AVAILABLE DATA:

▼▼▼

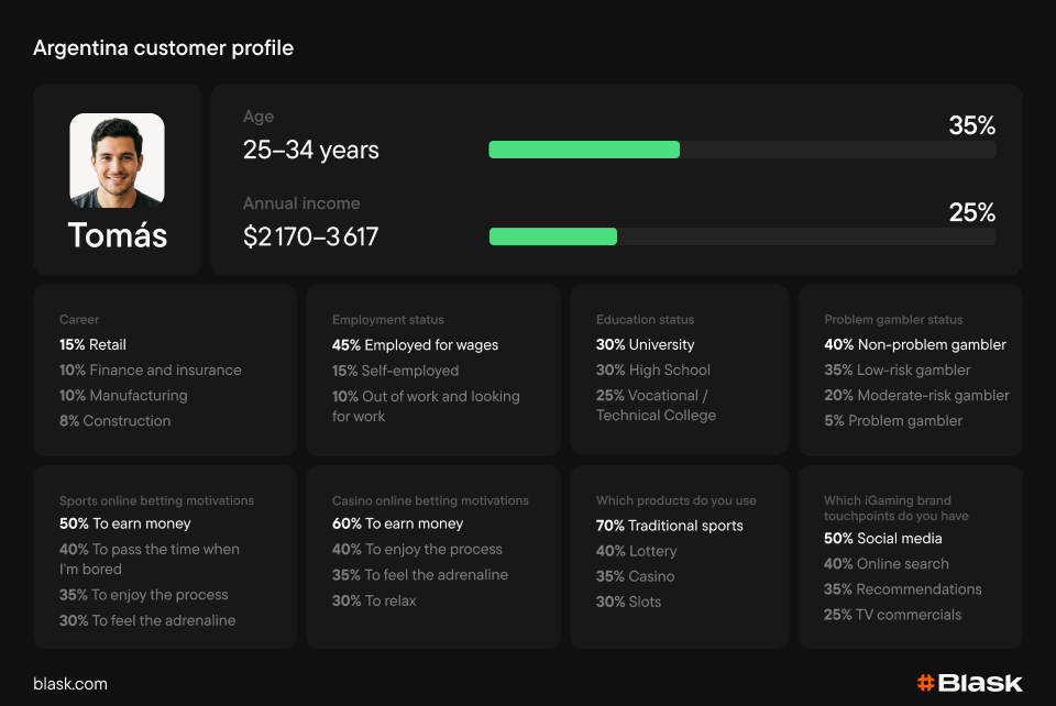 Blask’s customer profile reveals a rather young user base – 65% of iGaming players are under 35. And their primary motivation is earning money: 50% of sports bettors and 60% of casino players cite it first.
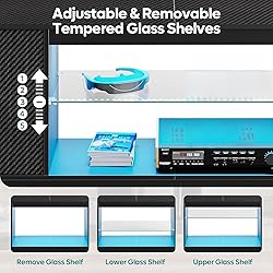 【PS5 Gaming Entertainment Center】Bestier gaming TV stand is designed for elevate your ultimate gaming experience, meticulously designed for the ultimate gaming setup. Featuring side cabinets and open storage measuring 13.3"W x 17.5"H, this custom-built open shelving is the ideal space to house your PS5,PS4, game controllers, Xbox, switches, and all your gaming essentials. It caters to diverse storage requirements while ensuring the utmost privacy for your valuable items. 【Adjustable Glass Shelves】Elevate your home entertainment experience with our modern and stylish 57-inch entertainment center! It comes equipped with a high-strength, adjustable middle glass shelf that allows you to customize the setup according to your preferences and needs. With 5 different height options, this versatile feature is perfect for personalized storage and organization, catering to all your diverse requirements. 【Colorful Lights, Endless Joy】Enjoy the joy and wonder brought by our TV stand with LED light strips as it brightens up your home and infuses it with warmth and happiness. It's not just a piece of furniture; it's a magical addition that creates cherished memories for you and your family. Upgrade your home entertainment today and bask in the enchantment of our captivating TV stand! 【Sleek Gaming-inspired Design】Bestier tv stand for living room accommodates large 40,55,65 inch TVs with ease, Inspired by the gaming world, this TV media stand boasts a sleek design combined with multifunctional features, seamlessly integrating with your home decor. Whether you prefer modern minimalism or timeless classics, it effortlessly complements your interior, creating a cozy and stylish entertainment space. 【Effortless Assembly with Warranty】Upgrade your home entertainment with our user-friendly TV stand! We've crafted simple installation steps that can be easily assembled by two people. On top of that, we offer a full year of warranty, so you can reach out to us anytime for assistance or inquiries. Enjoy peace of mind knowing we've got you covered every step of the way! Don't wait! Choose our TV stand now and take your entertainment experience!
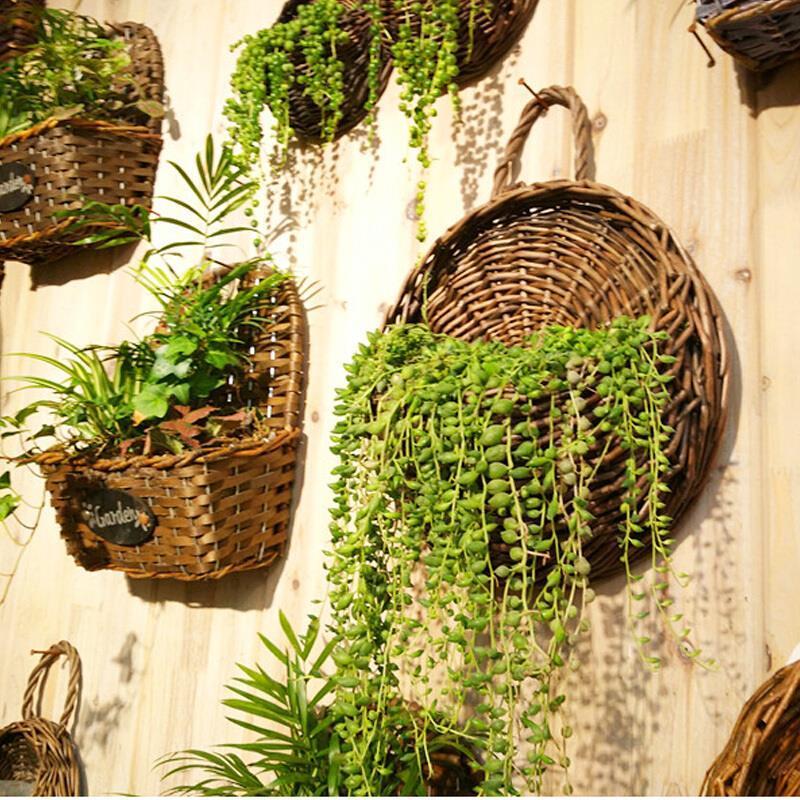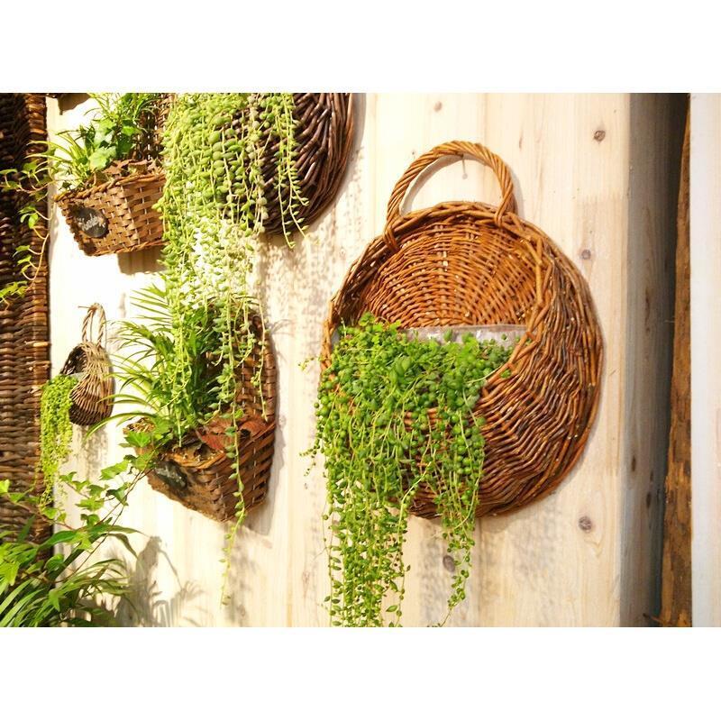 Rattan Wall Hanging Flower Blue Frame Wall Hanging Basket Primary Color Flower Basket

▲▲▲
▼▼▼

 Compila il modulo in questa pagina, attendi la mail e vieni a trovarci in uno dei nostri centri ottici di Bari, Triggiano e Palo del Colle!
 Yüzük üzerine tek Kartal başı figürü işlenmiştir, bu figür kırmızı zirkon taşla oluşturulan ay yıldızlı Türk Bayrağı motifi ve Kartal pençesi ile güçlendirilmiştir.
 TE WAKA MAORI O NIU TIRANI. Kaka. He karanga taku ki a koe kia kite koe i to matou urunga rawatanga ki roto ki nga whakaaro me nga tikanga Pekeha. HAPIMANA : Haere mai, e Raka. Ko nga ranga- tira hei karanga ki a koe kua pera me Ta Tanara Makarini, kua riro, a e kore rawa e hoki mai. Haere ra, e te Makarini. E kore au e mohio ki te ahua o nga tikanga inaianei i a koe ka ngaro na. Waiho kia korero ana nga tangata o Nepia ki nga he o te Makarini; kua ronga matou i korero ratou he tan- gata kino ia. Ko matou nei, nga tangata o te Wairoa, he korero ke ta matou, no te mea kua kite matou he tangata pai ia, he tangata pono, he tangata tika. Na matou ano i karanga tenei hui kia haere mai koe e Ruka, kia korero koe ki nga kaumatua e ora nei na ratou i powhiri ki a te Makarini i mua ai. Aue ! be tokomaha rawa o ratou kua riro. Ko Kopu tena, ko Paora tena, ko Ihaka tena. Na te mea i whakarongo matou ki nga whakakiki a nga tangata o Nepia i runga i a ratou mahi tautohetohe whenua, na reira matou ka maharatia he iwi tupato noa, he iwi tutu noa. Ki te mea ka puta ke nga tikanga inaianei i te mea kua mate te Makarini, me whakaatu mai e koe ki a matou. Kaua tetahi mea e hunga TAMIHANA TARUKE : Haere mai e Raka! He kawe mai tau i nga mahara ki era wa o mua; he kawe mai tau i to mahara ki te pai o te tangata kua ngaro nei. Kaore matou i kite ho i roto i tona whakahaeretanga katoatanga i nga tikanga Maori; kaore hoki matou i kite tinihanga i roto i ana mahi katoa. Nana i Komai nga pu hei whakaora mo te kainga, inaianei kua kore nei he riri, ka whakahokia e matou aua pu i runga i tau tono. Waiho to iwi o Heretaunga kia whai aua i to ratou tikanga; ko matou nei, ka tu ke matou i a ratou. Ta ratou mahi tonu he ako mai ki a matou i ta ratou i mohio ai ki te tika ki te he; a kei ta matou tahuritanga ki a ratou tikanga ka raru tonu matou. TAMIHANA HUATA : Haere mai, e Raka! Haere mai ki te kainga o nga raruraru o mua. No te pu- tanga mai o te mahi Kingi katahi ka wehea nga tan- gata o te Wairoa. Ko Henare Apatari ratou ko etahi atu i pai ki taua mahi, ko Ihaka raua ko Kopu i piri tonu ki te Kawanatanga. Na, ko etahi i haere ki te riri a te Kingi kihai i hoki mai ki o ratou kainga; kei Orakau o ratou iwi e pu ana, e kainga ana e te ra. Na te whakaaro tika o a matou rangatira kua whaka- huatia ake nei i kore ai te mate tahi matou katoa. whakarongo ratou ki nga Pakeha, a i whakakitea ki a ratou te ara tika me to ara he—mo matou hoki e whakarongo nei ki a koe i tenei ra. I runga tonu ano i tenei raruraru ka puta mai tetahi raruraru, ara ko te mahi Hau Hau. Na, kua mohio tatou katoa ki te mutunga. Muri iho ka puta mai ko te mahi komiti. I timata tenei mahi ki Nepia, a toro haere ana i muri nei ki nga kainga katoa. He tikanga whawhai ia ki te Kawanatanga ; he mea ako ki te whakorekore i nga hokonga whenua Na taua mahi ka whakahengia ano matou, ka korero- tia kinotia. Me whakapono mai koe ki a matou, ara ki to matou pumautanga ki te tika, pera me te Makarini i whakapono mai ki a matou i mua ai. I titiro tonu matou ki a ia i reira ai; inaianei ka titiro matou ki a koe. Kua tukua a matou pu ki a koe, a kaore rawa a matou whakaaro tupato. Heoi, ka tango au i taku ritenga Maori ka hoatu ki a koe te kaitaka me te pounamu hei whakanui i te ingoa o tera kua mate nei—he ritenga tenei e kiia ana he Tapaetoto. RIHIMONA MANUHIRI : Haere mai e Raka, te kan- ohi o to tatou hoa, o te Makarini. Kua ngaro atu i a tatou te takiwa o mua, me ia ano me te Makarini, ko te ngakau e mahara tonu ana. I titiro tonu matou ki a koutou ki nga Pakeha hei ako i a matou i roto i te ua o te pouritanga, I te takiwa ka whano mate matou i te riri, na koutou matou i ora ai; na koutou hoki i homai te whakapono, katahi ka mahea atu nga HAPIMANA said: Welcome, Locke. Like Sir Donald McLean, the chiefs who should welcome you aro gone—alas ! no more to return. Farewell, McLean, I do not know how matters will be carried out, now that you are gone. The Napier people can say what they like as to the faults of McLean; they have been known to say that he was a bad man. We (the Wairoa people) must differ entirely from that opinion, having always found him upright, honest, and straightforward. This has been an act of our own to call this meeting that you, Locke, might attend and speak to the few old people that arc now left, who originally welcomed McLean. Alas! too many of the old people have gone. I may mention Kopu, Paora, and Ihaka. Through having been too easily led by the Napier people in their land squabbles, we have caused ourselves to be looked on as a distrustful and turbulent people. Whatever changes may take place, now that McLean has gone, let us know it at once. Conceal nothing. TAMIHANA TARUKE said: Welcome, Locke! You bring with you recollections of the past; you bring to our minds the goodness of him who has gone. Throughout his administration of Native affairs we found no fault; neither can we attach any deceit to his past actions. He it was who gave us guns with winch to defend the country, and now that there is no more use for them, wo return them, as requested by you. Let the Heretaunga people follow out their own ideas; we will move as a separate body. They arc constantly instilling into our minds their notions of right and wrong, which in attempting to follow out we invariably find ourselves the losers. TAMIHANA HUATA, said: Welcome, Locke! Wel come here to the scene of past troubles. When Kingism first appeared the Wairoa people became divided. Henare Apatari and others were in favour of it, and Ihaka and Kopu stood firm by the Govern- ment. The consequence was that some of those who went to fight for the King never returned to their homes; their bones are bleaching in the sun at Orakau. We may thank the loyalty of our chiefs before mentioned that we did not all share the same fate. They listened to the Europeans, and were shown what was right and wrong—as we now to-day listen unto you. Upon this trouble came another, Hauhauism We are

▲▲▲

In the listing above, find the line with "Compila il modulo" and the line with "Yüzük üzerine tek", then reproduce both and every line between them exactly.

FINISHED EXERCISE:
 Compila il modulo in questa pagina, attendi la mail e vieni a trovarci in uno dei nostri centri ottici di Bari, Triggiano e Palo del Colle!
 Yüzük üzerine tek Kartal başı figürü işlenmiştir, bu figür kırmızı zirkon taşla oluşturulan ay yıldızlı Türk Bayrağı motifi ve Kartal pençesi ile güçlendirilmiştir.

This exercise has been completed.